**DATASET**
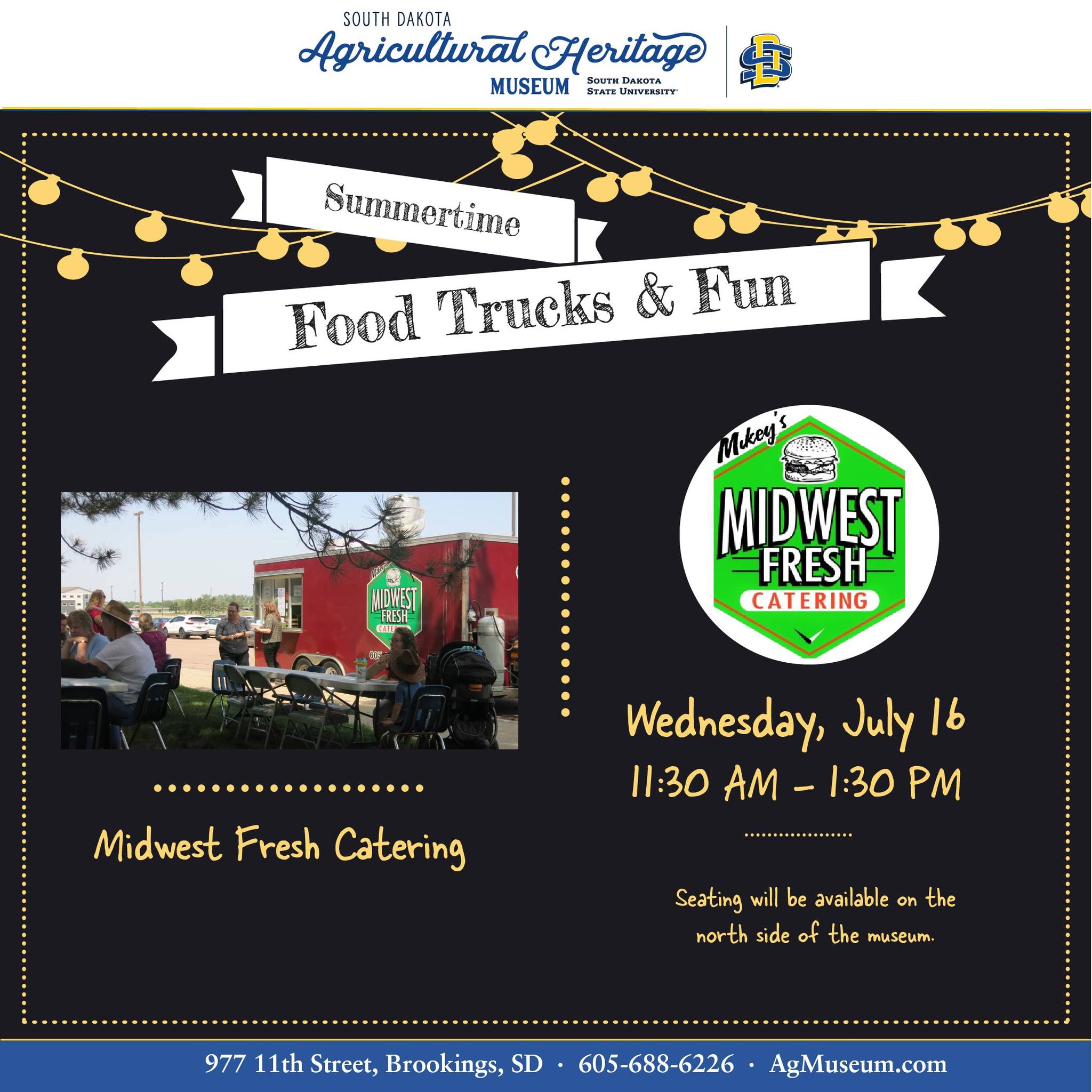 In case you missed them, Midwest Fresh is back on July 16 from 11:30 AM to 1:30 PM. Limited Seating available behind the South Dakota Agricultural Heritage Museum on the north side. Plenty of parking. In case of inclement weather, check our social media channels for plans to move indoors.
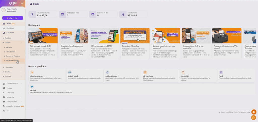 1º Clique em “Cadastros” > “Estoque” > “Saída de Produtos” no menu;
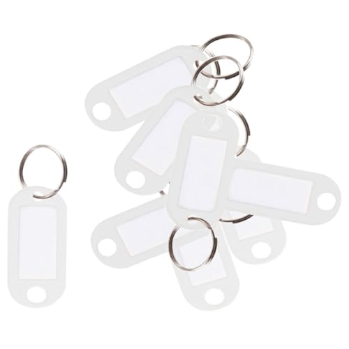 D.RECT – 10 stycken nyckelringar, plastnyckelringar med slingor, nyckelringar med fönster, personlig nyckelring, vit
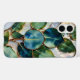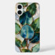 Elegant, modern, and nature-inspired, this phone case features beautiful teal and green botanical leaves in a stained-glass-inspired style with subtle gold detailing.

==

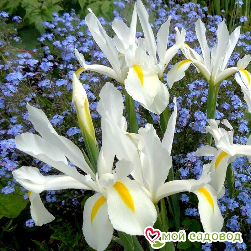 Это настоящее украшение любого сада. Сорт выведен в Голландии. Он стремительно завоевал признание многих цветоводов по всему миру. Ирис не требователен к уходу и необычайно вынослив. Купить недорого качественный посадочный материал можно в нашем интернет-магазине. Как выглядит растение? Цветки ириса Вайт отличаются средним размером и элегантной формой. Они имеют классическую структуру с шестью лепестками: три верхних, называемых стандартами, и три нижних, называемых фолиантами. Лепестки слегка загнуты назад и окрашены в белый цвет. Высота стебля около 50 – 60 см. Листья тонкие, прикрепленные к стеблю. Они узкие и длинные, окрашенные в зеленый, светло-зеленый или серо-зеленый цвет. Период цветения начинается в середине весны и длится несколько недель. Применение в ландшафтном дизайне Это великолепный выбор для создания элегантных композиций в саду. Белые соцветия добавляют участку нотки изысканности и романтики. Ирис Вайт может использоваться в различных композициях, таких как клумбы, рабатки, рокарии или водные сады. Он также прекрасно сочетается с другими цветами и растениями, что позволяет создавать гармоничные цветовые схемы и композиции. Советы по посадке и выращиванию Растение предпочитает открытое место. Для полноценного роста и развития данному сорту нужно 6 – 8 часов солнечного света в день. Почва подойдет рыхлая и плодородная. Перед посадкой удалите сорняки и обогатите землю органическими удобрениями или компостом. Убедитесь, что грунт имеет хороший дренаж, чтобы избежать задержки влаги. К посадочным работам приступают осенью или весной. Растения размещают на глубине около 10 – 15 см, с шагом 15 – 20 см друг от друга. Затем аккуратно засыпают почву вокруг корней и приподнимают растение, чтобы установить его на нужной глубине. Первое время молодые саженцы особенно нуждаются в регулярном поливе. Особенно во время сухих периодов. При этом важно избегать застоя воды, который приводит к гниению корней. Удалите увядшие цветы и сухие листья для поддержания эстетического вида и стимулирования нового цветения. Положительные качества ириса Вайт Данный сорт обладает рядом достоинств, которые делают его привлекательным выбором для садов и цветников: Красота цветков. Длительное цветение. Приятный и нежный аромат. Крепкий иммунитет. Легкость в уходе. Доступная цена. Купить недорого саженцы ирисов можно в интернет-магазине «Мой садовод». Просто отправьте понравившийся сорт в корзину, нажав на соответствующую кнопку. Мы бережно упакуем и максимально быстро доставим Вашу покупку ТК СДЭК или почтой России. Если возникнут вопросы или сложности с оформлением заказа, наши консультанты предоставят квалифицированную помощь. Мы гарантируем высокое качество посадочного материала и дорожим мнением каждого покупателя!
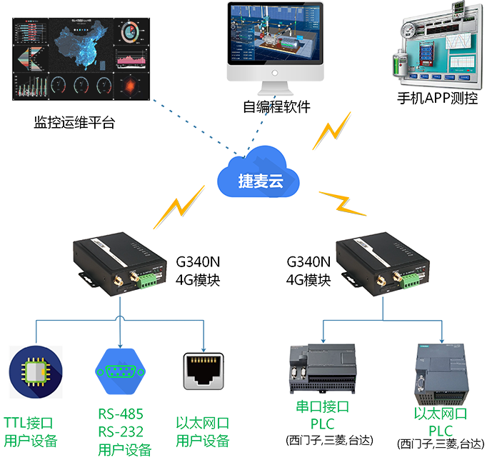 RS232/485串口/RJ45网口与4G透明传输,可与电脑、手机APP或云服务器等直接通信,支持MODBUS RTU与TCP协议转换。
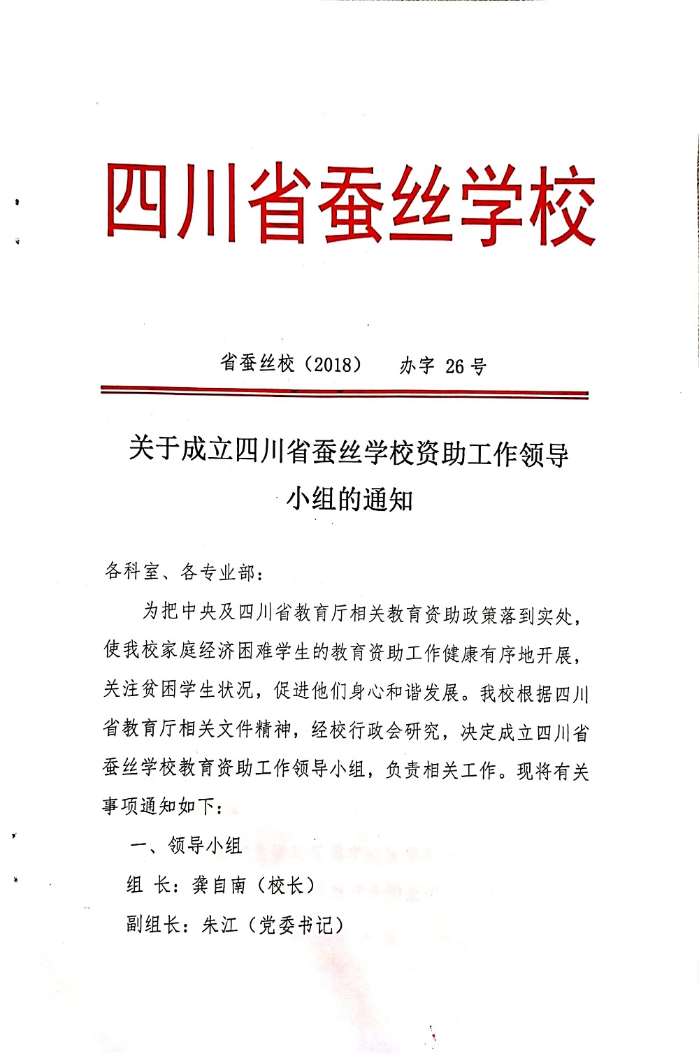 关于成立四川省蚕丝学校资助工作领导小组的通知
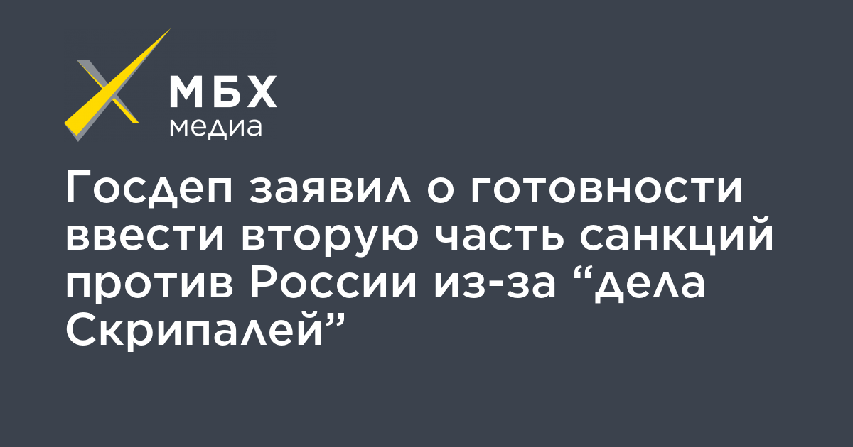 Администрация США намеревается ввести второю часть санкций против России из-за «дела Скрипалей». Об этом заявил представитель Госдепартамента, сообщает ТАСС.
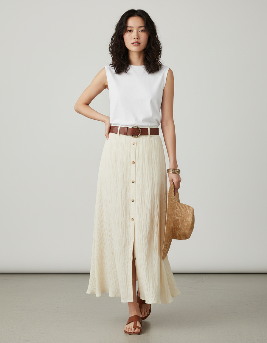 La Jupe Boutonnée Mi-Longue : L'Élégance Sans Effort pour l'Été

* * *

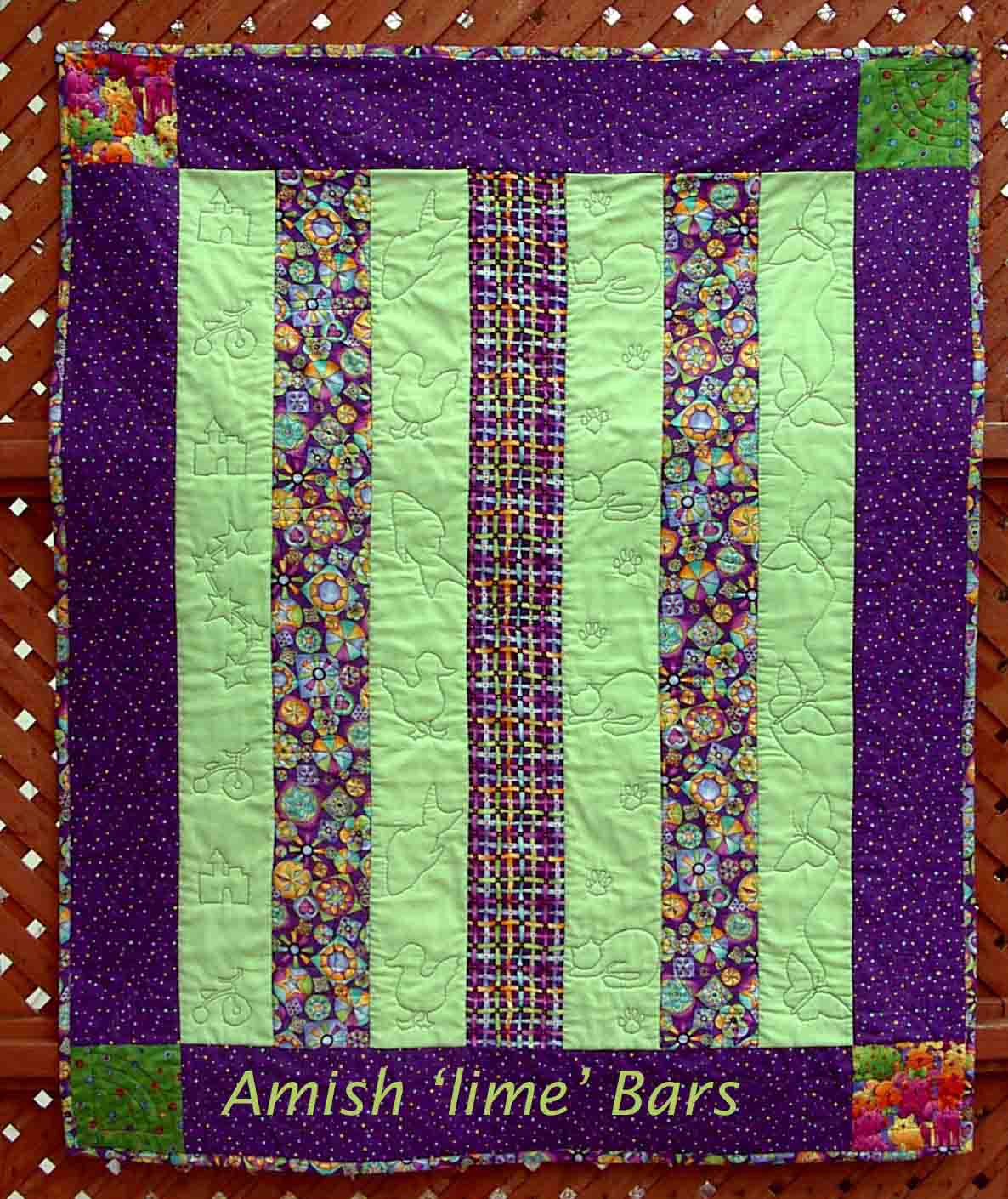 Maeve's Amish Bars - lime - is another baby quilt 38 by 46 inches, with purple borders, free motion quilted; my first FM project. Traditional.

**PROBLEM TO SOLVE**
Extract the part of the records that opens with the line containing "In case you" and closes with the line containing "D.RECT – 10". Take only those lines, exactly, and no pictures.

**WRITTEN SOLUTION**
 In case you missed them, Midwest Fresh is back on July 16 from 11:30 AM to 1:30 PM. Limited Seating available behind the South Dakota Agricultural Heritage Museum on the north side. Plenty of parking. In case of inclement weather, check our social media channels for plans to move indoors.
 1º Clique em “Cadastros” > “Estoque” > “Saída de Produtos” no menu;
 D.RECT – 10 stycken nyckelringar, plastnyckelringar med slingor, nyckelringar med fönster, personlig nyckelring, vit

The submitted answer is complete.